TO DO » Set down the data below from its first line to the line holding "Haut sans manches", inclusive; omit all pictures.

SOURCE DATA »
= Beginning of Section =
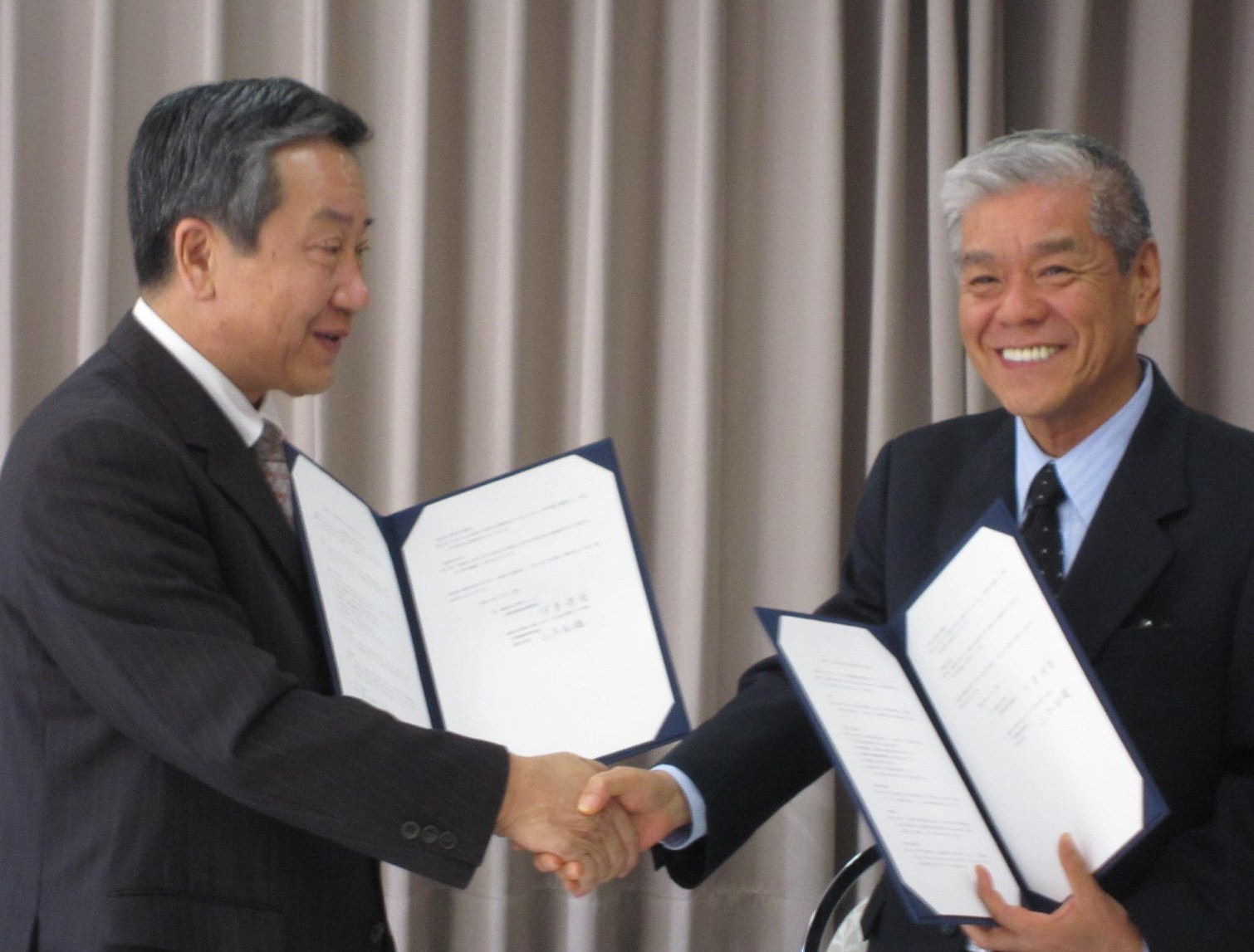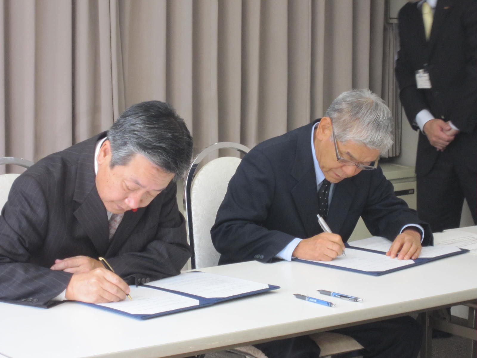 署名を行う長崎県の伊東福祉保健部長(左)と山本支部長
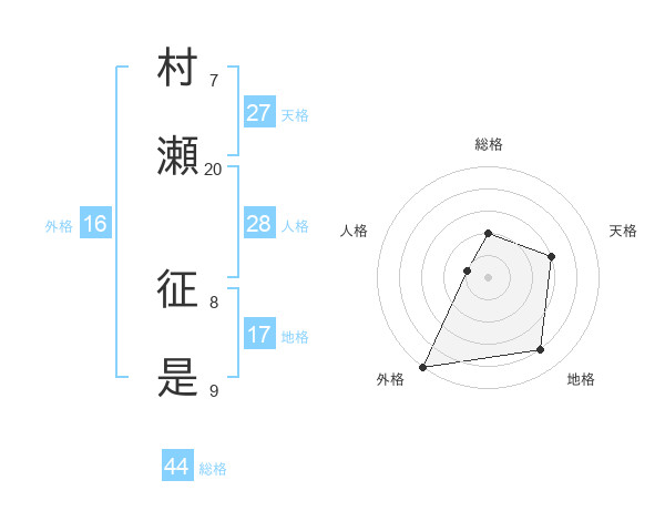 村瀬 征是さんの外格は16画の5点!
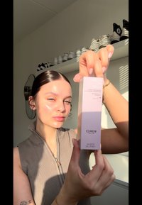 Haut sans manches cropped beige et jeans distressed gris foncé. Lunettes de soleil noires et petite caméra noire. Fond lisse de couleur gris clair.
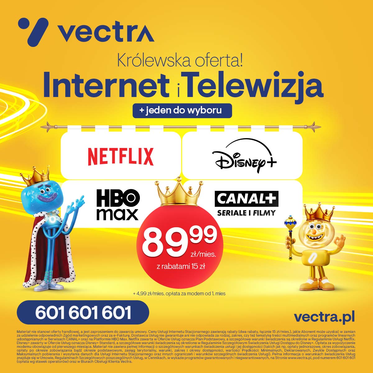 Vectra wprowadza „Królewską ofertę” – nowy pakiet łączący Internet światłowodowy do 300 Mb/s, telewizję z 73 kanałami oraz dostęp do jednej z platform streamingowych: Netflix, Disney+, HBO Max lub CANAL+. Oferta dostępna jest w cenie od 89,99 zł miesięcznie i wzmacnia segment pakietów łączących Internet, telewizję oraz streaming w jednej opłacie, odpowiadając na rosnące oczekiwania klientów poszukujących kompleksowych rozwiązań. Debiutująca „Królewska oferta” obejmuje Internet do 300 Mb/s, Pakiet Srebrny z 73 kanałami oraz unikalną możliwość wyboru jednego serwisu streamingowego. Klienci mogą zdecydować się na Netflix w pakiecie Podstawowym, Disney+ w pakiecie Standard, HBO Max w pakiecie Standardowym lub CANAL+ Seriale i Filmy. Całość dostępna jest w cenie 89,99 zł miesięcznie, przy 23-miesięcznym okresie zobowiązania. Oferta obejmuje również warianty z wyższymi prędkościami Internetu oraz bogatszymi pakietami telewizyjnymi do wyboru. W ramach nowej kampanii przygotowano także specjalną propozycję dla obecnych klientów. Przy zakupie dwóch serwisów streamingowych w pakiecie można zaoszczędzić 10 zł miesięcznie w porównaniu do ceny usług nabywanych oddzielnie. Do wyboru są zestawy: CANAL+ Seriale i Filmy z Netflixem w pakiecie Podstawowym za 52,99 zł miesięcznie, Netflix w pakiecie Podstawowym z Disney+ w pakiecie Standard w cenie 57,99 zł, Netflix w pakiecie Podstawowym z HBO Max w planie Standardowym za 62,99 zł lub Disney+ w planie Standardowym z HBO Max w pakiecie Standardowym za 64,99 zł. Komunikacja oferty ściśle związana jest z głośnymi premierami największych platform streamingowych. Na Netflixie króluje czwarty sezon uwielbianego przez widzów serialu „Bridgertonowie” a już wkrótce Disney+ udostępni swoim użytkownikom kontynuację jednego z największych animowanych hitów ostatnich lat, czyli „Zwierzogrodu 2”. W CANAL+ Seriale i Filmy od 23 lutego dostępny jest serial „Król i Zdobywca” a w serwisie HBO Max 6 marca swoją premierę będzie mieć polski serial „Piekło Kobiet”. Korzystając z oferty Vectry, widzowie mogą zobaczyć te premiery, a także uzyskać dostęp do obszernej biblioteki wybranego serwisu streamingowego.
= End of Section =
EXERCISE OUTPUT »
 署名を行う長崎県の伊東福祉保健部長(左)と山本支部長
 村瀬 征是さんの外格は16画の5点!
 Haut sans manches cropped beige et jeans distressed gris foncé. Lunettes de soleil noires et petite caméra noire. Fond lisse de couleur gris clair.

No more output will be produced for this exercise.